* [The problem]
Give the data below again exactly as written, without its pictures.

* [Data extract]
========================================

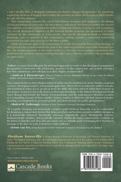 1 and 2 Timothy, Titus: A Theological Commentary for Preachers engages hermeneutics for preaching, employing theological exegesis that enables the preacher to utilize all the units of these epistles to craft effective sermons. This commentary unpacks the crucial link between Scripture and application: the theology of each preaching text (pericope). The three letters--collectively, the Pastoral Epistles--are divided into eighteen pericopes, and what the author is doing with what he is saying in each is explored. The overall theological trajectory of the Pastoral Epistles concerns the promotion of God's economy by the community of God's people. The specific theological thrust of individual preaching units is captured in this commentary, making possible a sequential homiletical movement through each pericope of the three epistles. While the primary goal of the commentary is to take the preacher from text to theology, it also provides two sermon outlines for each of the eighteen preaching units of the Pastoral Epistles. The unique approach of this work results in a theology-for-preaching commentary that promises to be useful for anyone teaching through 1 and 2 Timothy and Titus with an emphasis on application.
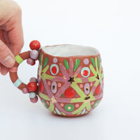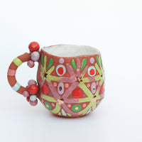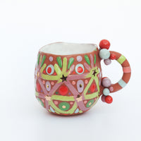 Small earthenware ceramic mug with claystone from Gaspésie handmade by Cybèle B.Pilon in Montréal, Québec, Canada. The iron naturally present in the clay gives a dark reddish brown hue to this one of a kind piece. The colorful patterns are water carved or hand-painted on raw clay before firing and enhanced with 22k gold. The exterior of the mug is unglazed and the interior, hammered by fingers, is covered with a white tin glaze. The edge of the lips is carefully glazed with a transparent glaze. This sturdy mug is perfect for everyday use.
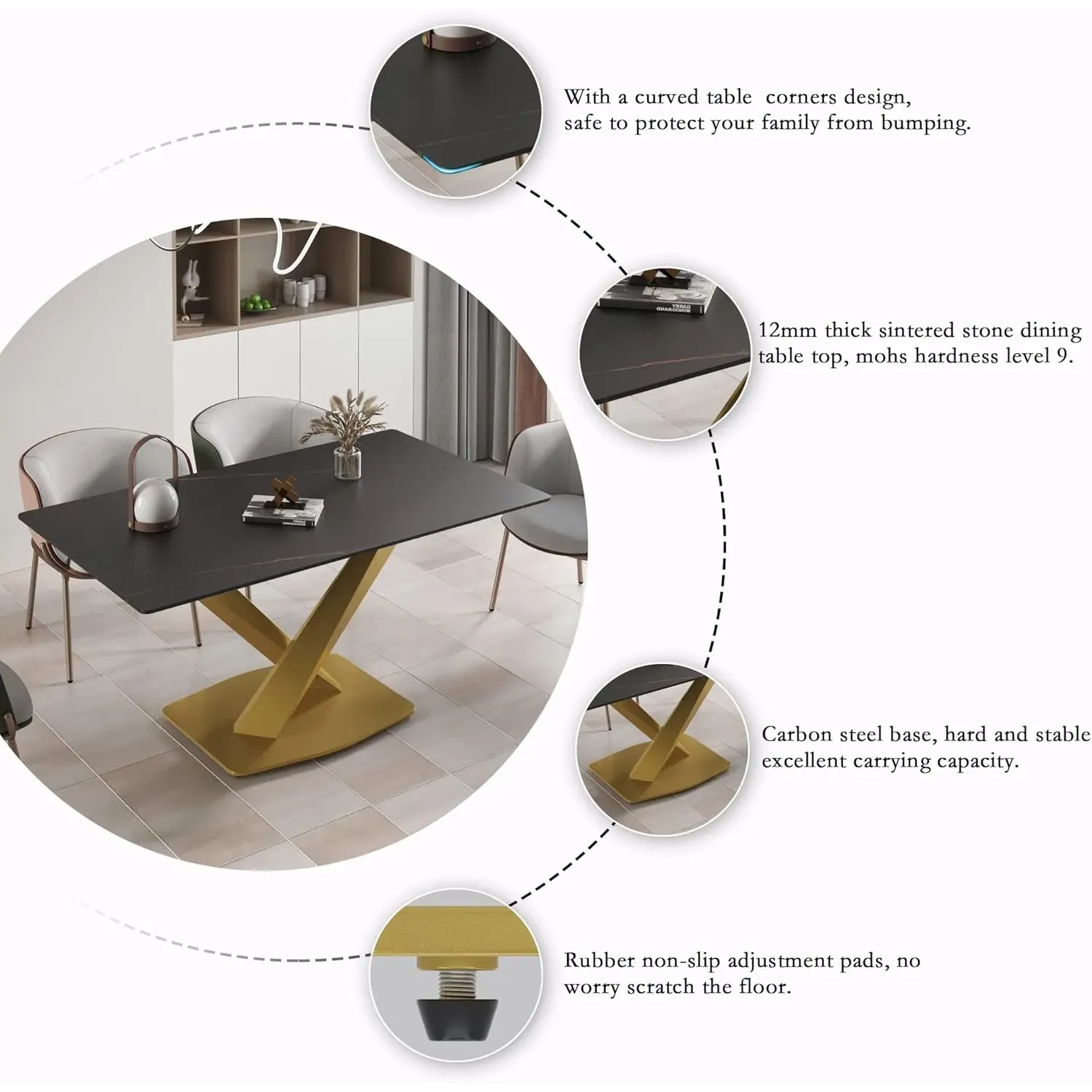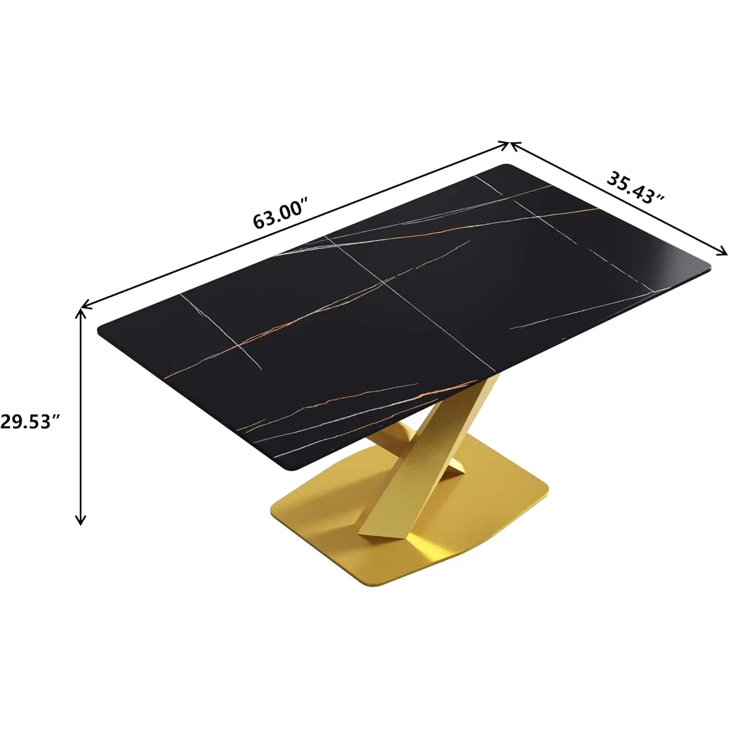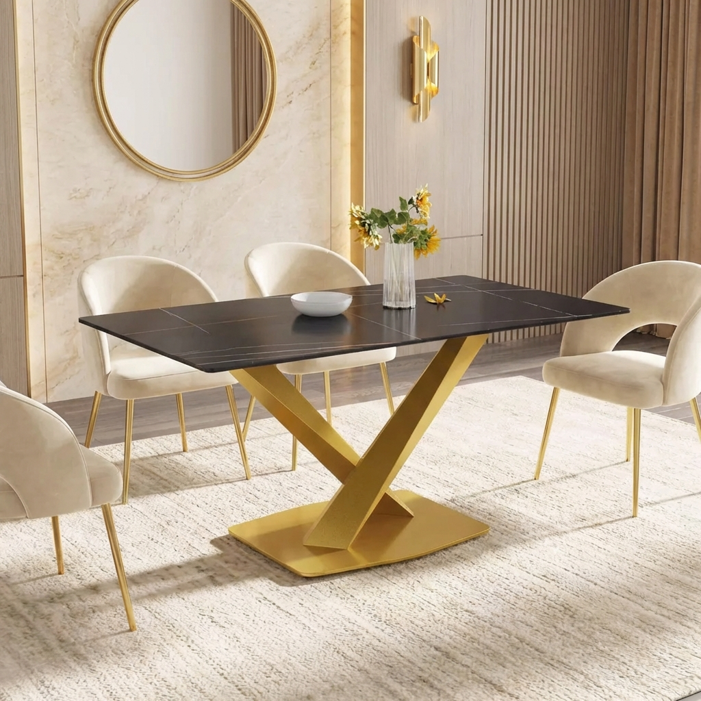 Marbela Dining Table | 63" Rectangular Black Dining Table | Gold Metal Base – Elegant & Timeless Look

========================================

* [Exercise result]
 1 and 2 Timothy, Titus: A Theological Commentary for Preachers engages hermeneutics for preaching, employing theological exegesis that enables the preacher to utilize all the units of these epistles to craft effective sermons. This commentary unpacks the crucial link between Scripture and application: the theology of each preaching text (pericope). The three letters--collectively, the Pastoral Epistles--are divided into eighteen pericopes, and what the author is doing with what he is saying in each is explored. The overall theological trajectory of the Pastoral Epistles concerns the promotion of God's economy by the community of God's people. The specific theological thrust of individual preaching units is captured in this commentary, making possible a sequential homiletical movement through each pericope of the three epistles. While the primary goal of the commentary is to take the preacher from text to theology, it also provides two sermon outlines for each of the eighteen preaching units of the Pastoral Epistles. The unique approach of this work results in a theology-for-preaching commentary that promises to be useful for anyone teaching through 1 and 2 Timothy and Titus with an emphasis on application.
 Small earthenware ceramic mug with claystone from Gaspésie handmade by Cybèle B.Pilon in Montréal, Québec, Canada. The iron naturally present in the clay gives a dark reddish brown hue to this one of a kind piece. The colorful patterns are water carved or hand-painted on raw clay before firing and enhanced with 22k gold. The exterior of the mug is unglazed and the interior, hammered by fingers, is covered with a white tin glaze. The edge of the lips is carefully glazed with a transparent glaze. This sturdy mug is perfect for everyday use.
 Marbela Dining Table | 63" Rectangular Black Dining Table | Gold Metal Base – Elegant & Timeless Look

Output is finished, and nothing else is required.